Answer:
To determine the initial speed of a lead bullet that must be at a temperature of 22.0 ∘C so that the heat developed when it is brought to rest will be just sufficient to melt it, you would need to use the equation for the change in internal energy of a system, which is ΔU = Q + W. In this case, the internal energy of the bullet will increase as it slows down and comes to a stop, and this increase in internal energy will be equal to the heat added to the bullet plus the work done on the bullet.

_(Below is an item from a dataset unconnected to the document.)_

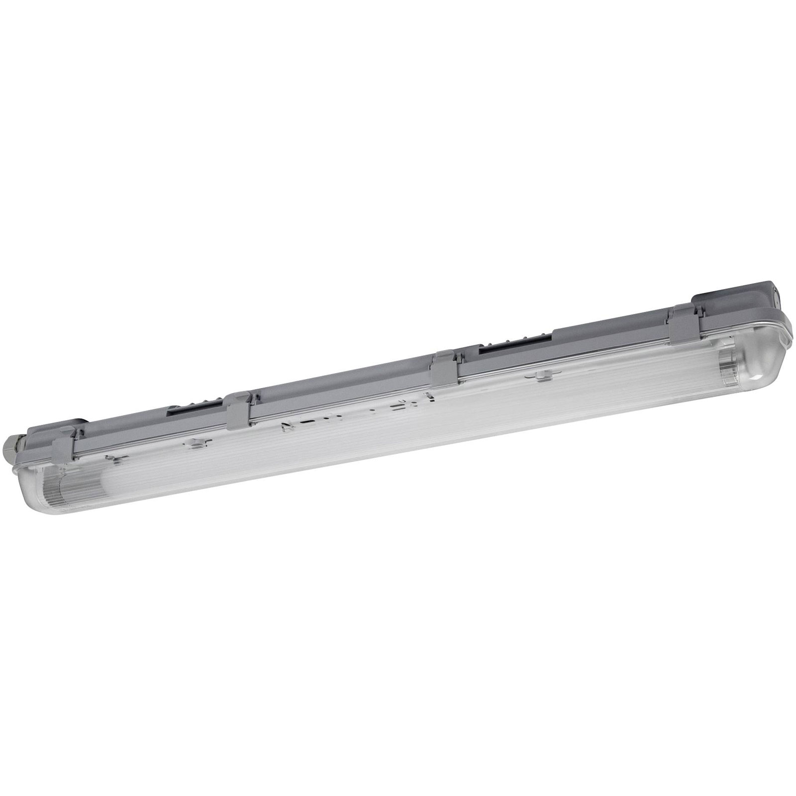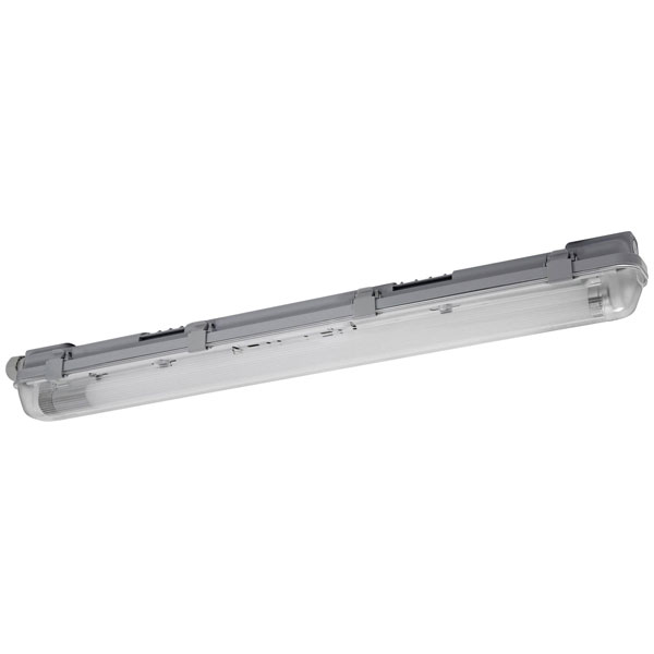 Wet room light with built-in motion detector. Product features: Durable and energy-saving LED light. Dust-proof and protected against water jets (IP65). Wet room light with infrared motion detector sensor integrated in the housing. Detection range: 100% Hold time: 3 minutes Default setting. Product advantages: Easy installation thanks to optimized space for mounting brackets and easy to open compartment. Easy lamp change. Good and even illumination. Enables additional energy savings and ease of use through sensor control. Areas of application: Cellars, garages, warehouses. For interior lighting only. Technical equipment: Motion detector integrated in the lamp housing. Works with every LED tube..

Since the bullet is not in contact with any external heat source and all the initial mechanical energy of the bullet is converted to heat, we can assume Q = -W.
In this case, the work done on the bullet is given by W = -1/2 * m * v^2, where m is the mass of the bullet and v is its initial velocity.
To melt the bullet we need to know the heat of fusion of lead, it is around 3.98 x 10^5 J/kg.
Therefore, the mass of the bullet and the heat of fusion can be used to determine the initial velocity of the bullet, we need to solve the equation
Q + W = m * Lf = -1/2 * m * v^2 = m * Lf
v = √(2 * Lf * m)
Note that, Lf is heat of fusion and m is the mass of the bullet
Please note that, this is a rough estimate and it's not taking into account many other factors such as the shape of the bullet, the cooling effect of the air, etc.